Dude you have no idea. Plane left without me this morning :crazy2:

Still coming to terms with having done the sensible/responsible thing. This season was my prize all year and I pooched it. 




dave785 said:


> Problem with shoulder injuries is that once you get the first one, it makes you much much more vulnerable for a second, third, and fourth injury later on.


I hear ya. Though from what I understand thats more of an issue with rotator cuff esp. dislocations. I've seen it said that separations are almost better in that once you're separated you never go back (so can never do it again). 
I'm sure I'll be able to fuck other shit up tho.

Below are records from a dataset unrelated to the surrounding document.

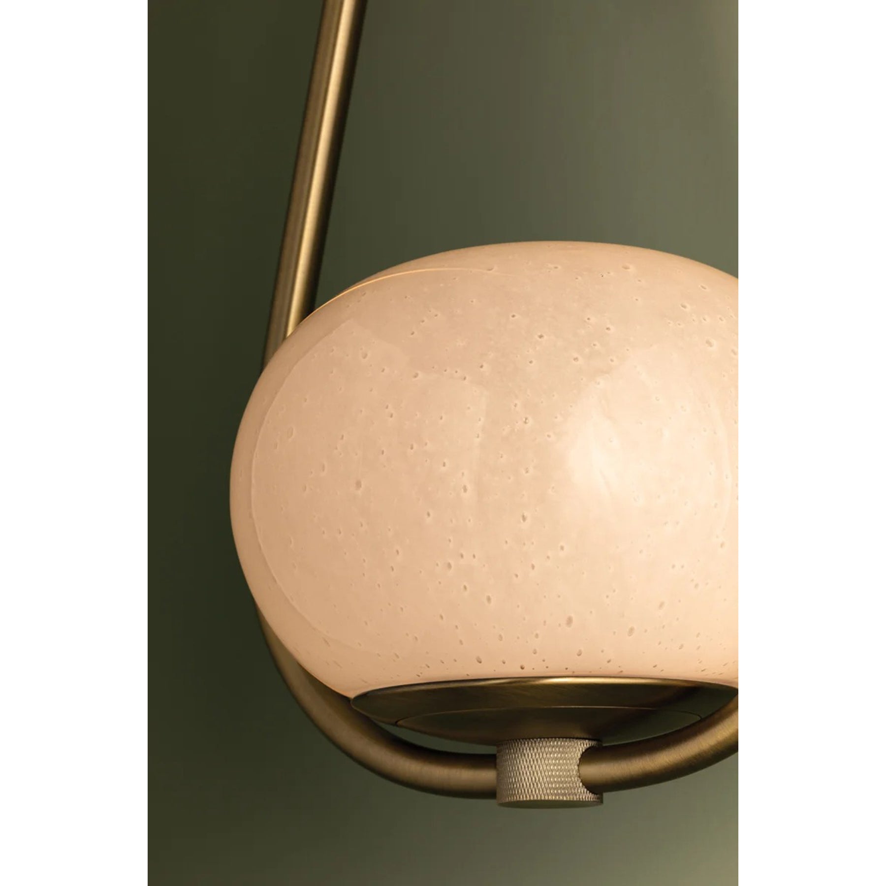The Decker Wall Sconce is jewelry-inspired, cradling a glass shade like a pearl in an earring. Looped over the arm, a large racetrack link creates the illusion of delicate balance. The slightly compressed form of the shade adds an artistic, organic note, while the metallic finish leaves a softly vintage impression. This striking sconce is perfect for adding a subtle ornamental touch to hallways or bedrooms.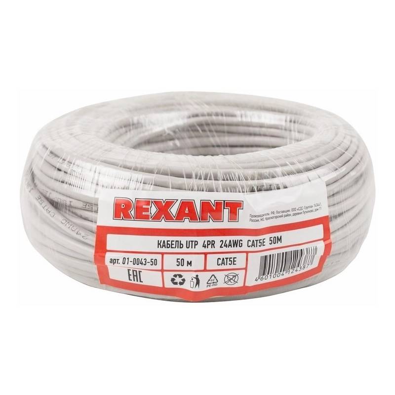 Кабель информационный Rexant 01-0043-50 кат.5E UTP 4 пары 24AWG PVC внутренний 50м серый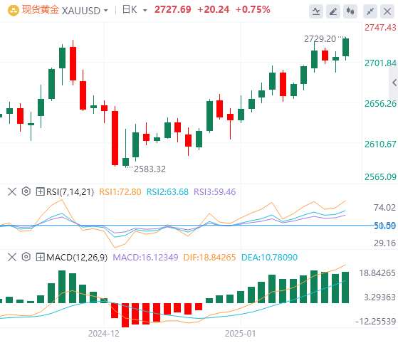 金价在美元走软的支撑下走高,市场评估美国总统特朗普就职后第二任期内的政策会对经济造成何种影响。现货金收涨0.24%,至每盎司2708美元附近。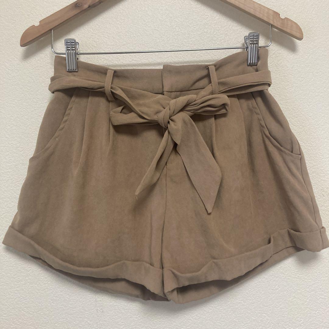 - 【イング】ショートパンツ【M】ベージュ リボン 無地柄 レディース カジュアル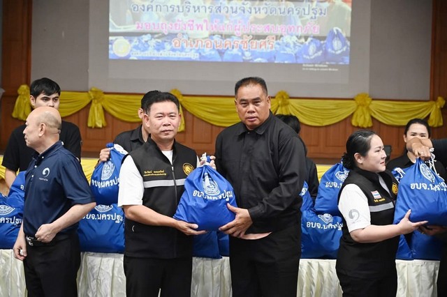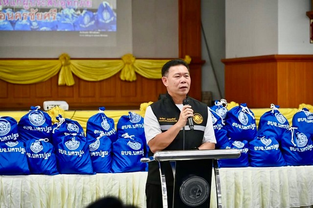 นครปฐม-นายก อบจ. นครปฐมมอบถุงยังชีพให้แก่ประชาชนที่ประสบเหตุอุทกภัยน้ำท่วมในเขตนครชัยศรี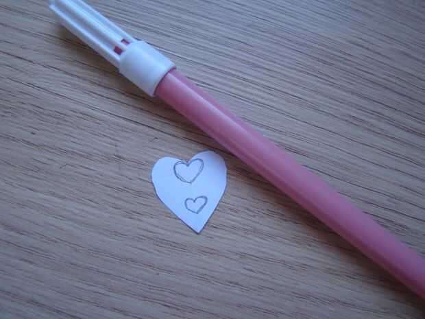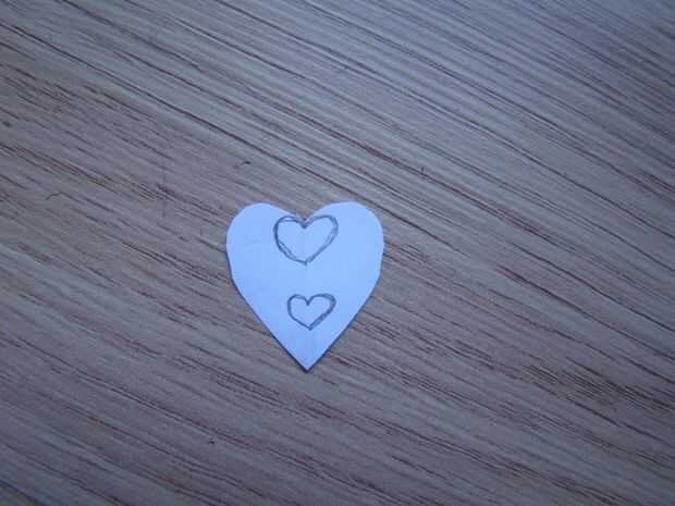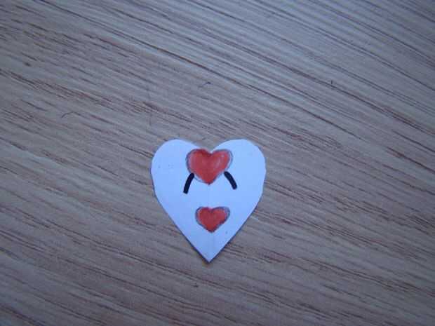 En el corazón blanco, dibujando dos corazones con marcador rosa, uno para la boca y otro para los ojos y hacer dos detalles con marcador negro para marcar las mejillas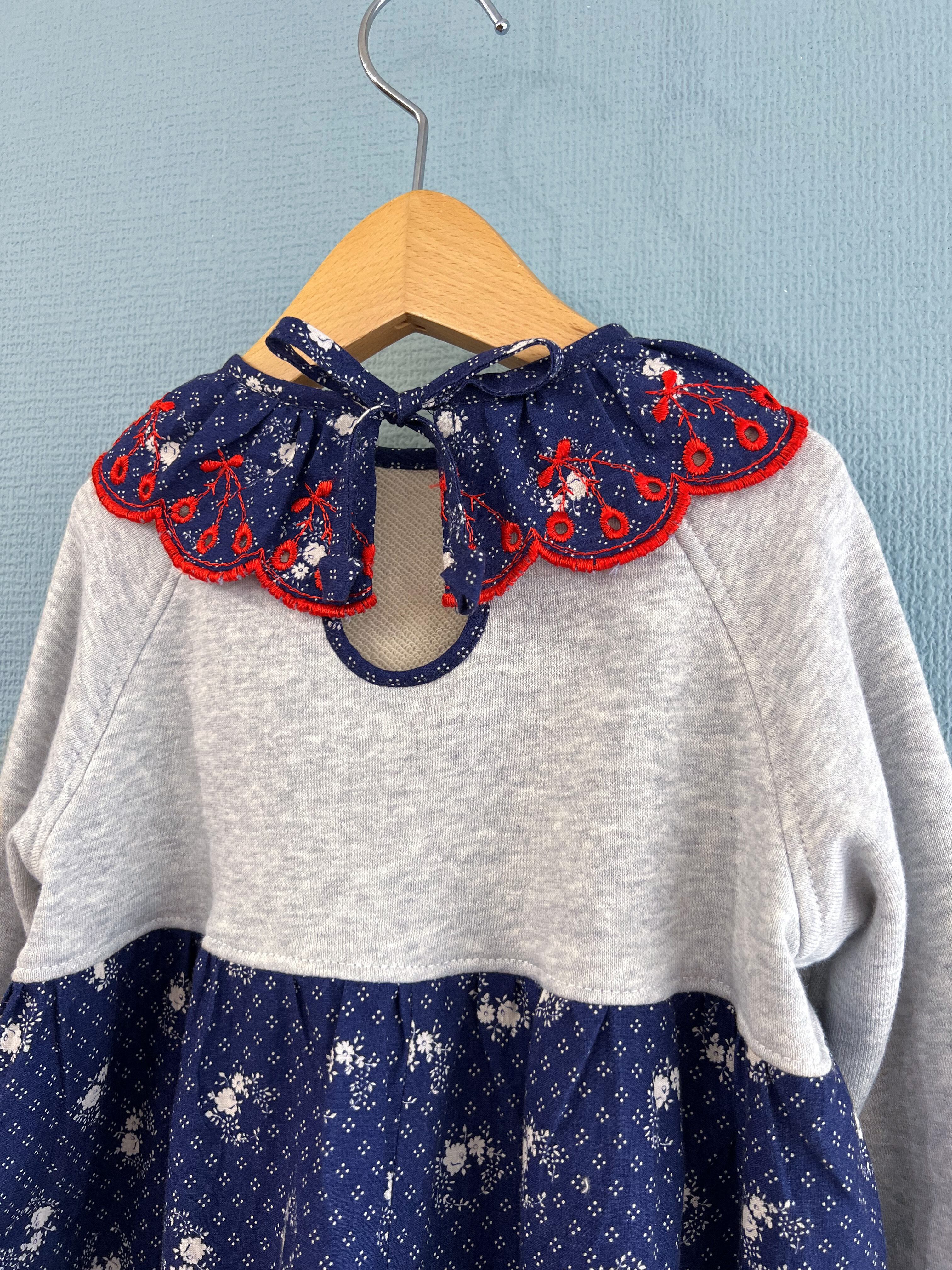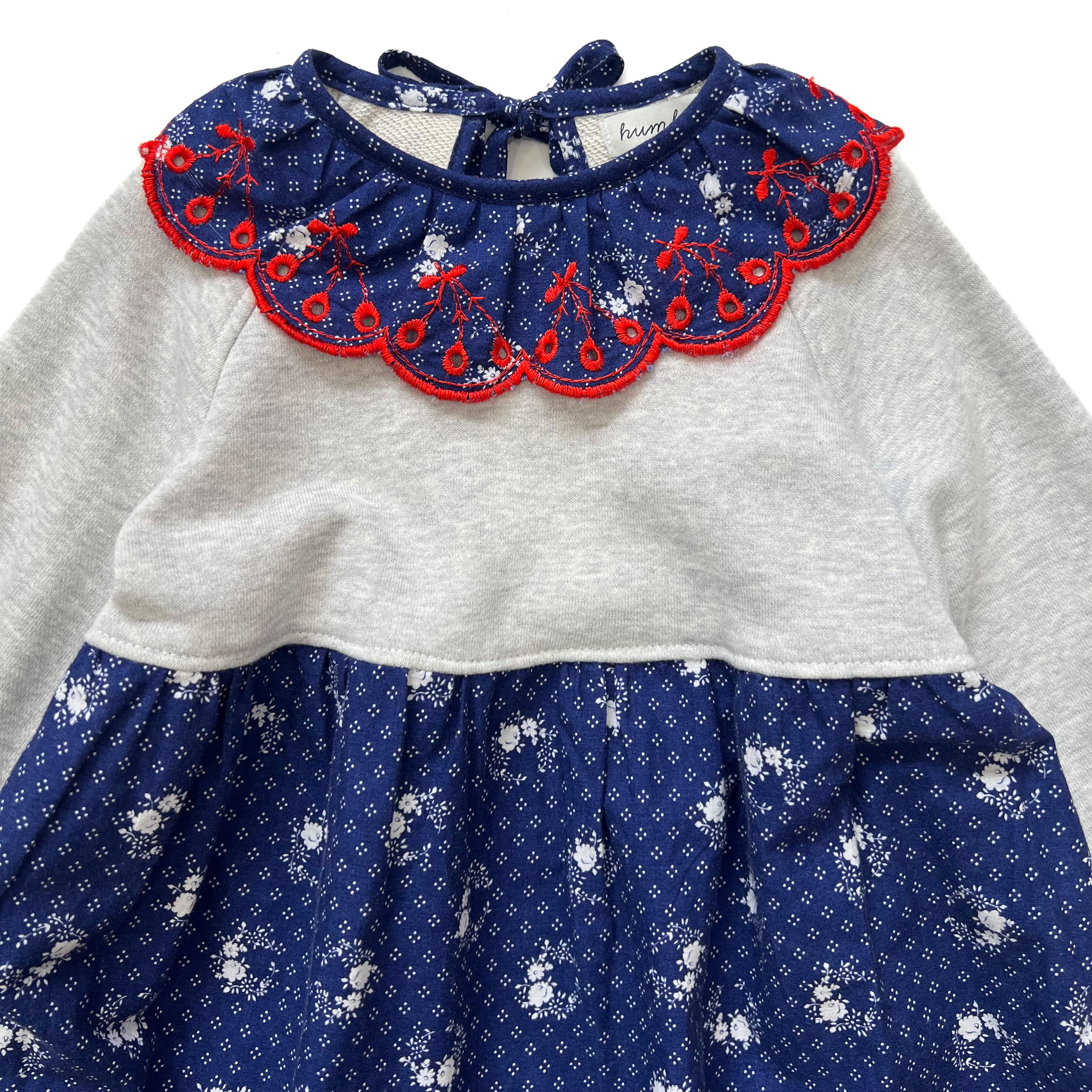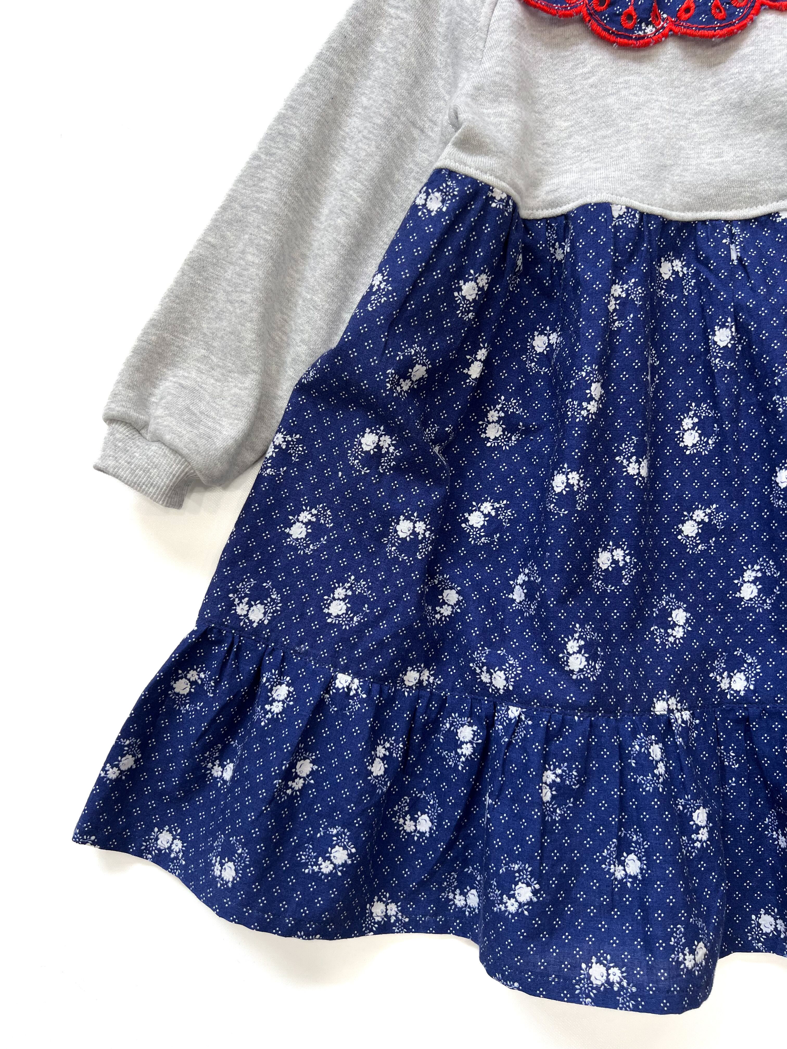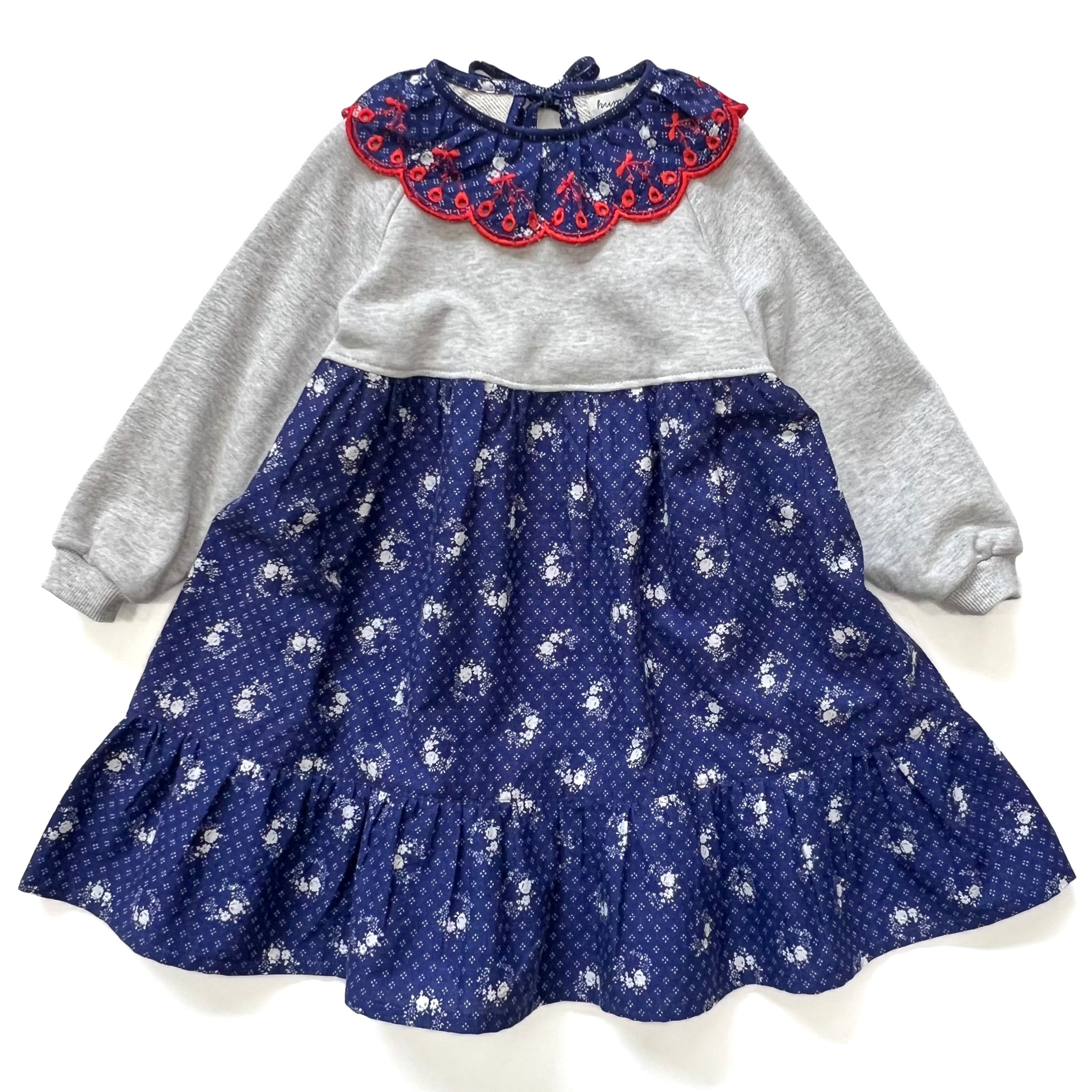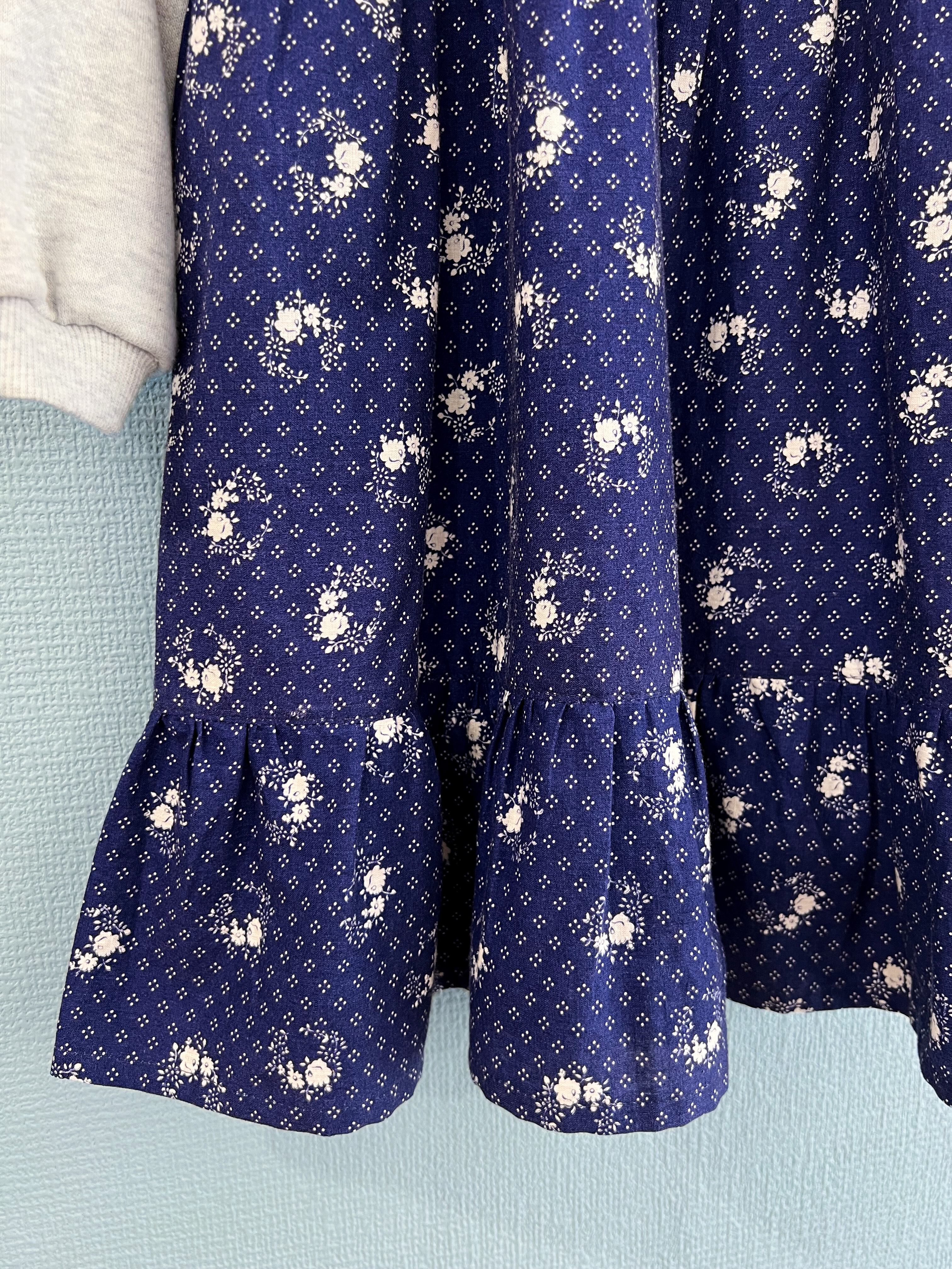 70'sのフレアスカートから生地を取った、ネイビーのフラワープリント生地と、柔らかな質感の裏毛スウェット生地をミックスして、

Next time I'll have to be sure to land on my left so they look the same haha.


----------



## Trabi75 (Dec 12, 2014)

DoubleA said:


> Dude you have no idea. Plane left without me this morning :crazy2:
> 
> Still coming to terms with having done the sensible/responsible thing. This season was my prize all year and I pooched it.
> 
> ...


Just wondering how you're doing. I'm starting my recovery.(separated collar bone on Saturday) they said mine was grade 2 but it my shoulder rashly seemed to hang down like yours and if I don't have this brace thing that loops around my armpits and back of neck it kind of drops down and that bone pops up. I actually have little pain to none now if I don't move my arm much. I hope that's a good sign cuz it was real bad the first day. 
Anyway wish you good luck with yours. Oh also they gave me naproxen. What about you? I've heard people say inflammation helps healing but the nurse at work tells me today that it doesn't do good in this case. Kinda confused but I guess I should trust the sports medicine guy best.in 2 weeks I'm going to go see the ortho who scoped and repaired my hip last year

Sent from my SGH-M919 using Tapatalk


----------



## DoubleA (Apr 30, 2014)

PM sent.

When it came to being able to do stuff again (vs not being able to do stuff)... I didn't give a shit about the bump anymore.
Made it out for a last day around the 5 week mark, before all our snow melted here. They said I rode more aggressive that day than any other.
:hairy:


----------



## Trabi75 (Dec 12, 2014)

Is 10 days since I separated from my collar bone. Every day I feel stronger but it definitely is far from full strength. Mostly my back and arm muscles seen to get a fatigued feeling very quickly. But a foot of snow in 24 hours with more to come has me thinking im going for some runs tomorrow. 
I see the Dr at 8:50. Will be wearing my snow pants and if he doesn't advise against it,in heading up from there. His office is conveniently located at the mouth of the canyon. Resisting seems futile right now

Sent from my SGH-M919 using Tapatalk


----------



## snowangel99 (Mar 11, 2016)

10 days isn't long enough but I understand needing to go.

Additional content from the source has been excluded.